Malam ini Yusuf terlihat semakin berbeda, bahkan dia terlihat seperti pria yang memmiliki sifat lembut, hilang dari sikapnya yang dingin, cuek, menyebalkan bagai Zeynep selama ini.
Bahkan sekarang, Yusuf tengah bercerita tentang masa lalunya tentang ibunya hingga wanita yang melaporkannya itu wafat. Tentu saja bukan hanya Yusuf yang bercerita.
Zeynep pun ikut menceritakan semua tentang ibunya, hingga wanita yang saat ini dia merindukan itu wafat.
Keduanya bercerita sambil berbaring di atas kasur empuknya itu, mengebelakangkan seluruh ego dan rasa malu satu sama lain, memilih untuk membuka diri dan saling bercerita.
Mereka memiliki kesamaan, mungkin Itulah yang membuat mereka saling membuka diri tentang masa lalu tersebut. Suasana di antara mereka menghangat, ada rasa nyaman san tenang yang dapat dirasakan hati mereka.

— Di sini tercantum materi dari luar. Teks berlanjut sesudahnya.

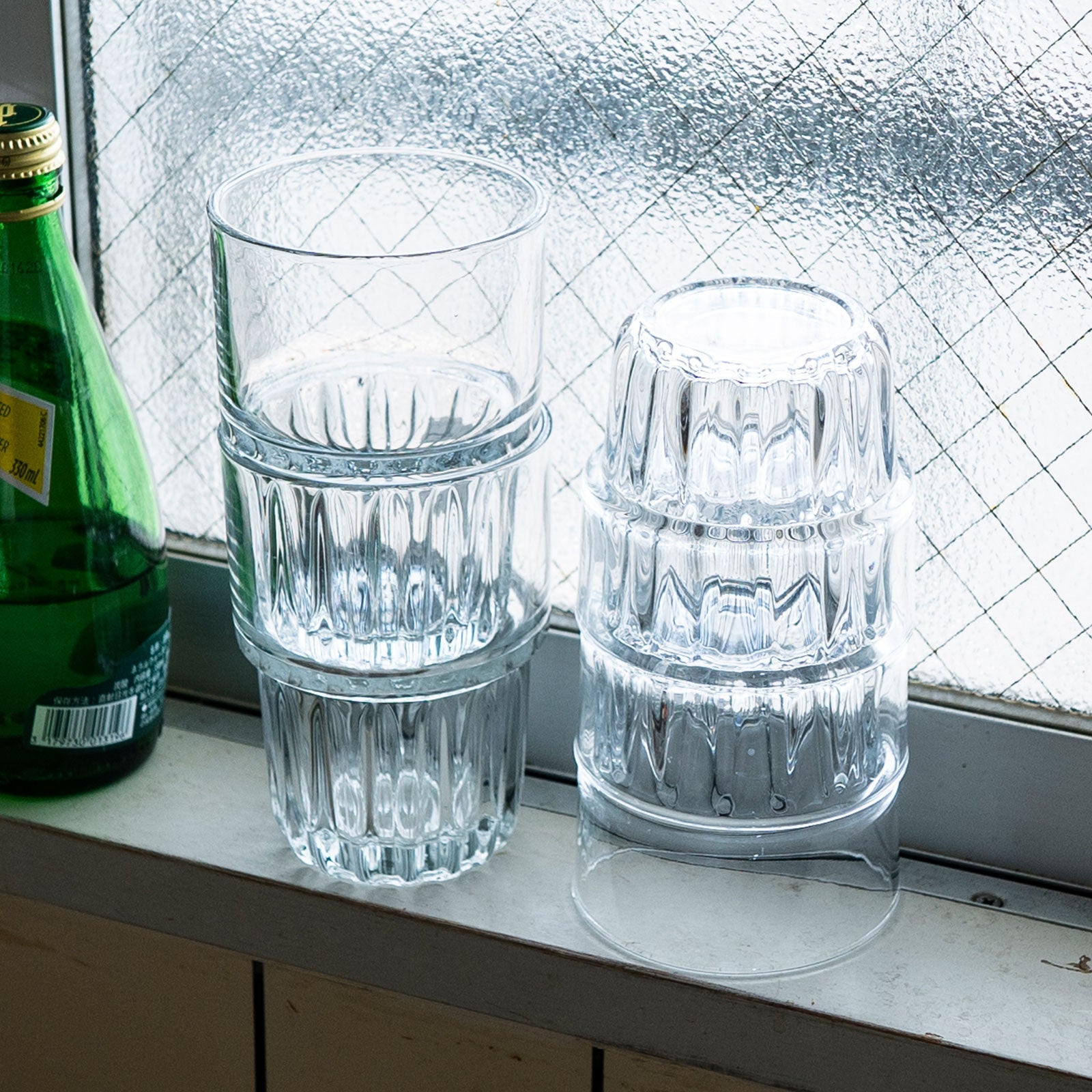 どこか懐かしい、積み重ねて収納が可能なスタッキンググラスです。下部の凹凸が美しい、レトロな形状のスタッキンググラスは、重ね収納が可能で、家族分揃えても省スペース。ロックグラスとしてはもちろん、来客時のお茶、カクテルやデザートグラスとしてもお使いいただけます。
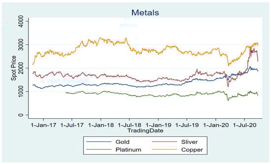 - Mensi, Walid, Mobeen Ur Rehman, and Xuan Vinh Vo. 2020. Spillovers and co-movements between precious metals and energy markets: Implications on portfolio management. Resources Policy 69: 101836. [Google Scholar] [CrossRef]

"Aku tidak menyangka jika kita memiliki kesamaan," ucap Yusuf saat mereka berhenti bercerita tentang ibu mereka.
"Ya, begitu juga denganku. Oh, aku mengantuk," ucap Zeynep sambil menguap lebar. Dia mengerjap-erjapkan matahya berulang kali.
"Tidurlah jika demikian. Aku pun merasa sangat lelah," balas Yusuf yang kini memposisikan dirinya untuk tidur.
Keduanya langsung tertidur dengan pulas, malam yang dingin dengan sisa air hujan yang masih membasahi tanah, tumbuhan dan tentunya buku ini seakan menjadi saksi bisu tentang kebersamaan mereka hari ini.
Entah mengapa semua terjadi begitu saja tentang kebersamaan mereka ini. Walau keduanya tampak canggung karena suatu hal.
Zeynep juga bukan gadis yang mudah terbuka, apalagi dia yang tidak seperti sebelumnya. Di Italia bahkan dia tidak bermain dengan anak sebayanya, bertemu Yusuf dan langsung menjadi suami adalah suatu hal yang membuatnya canggung.
Walau tekad sebenar nya dia juga tetap balas dendam tentang kematian nenek Ilayda.
Perasaan nya pada Yusuf kali ini membuatnya sedikit ragu. Dia takut, ya takut jatuh cinta pada lelaki yang seharusnya menjadi musuh.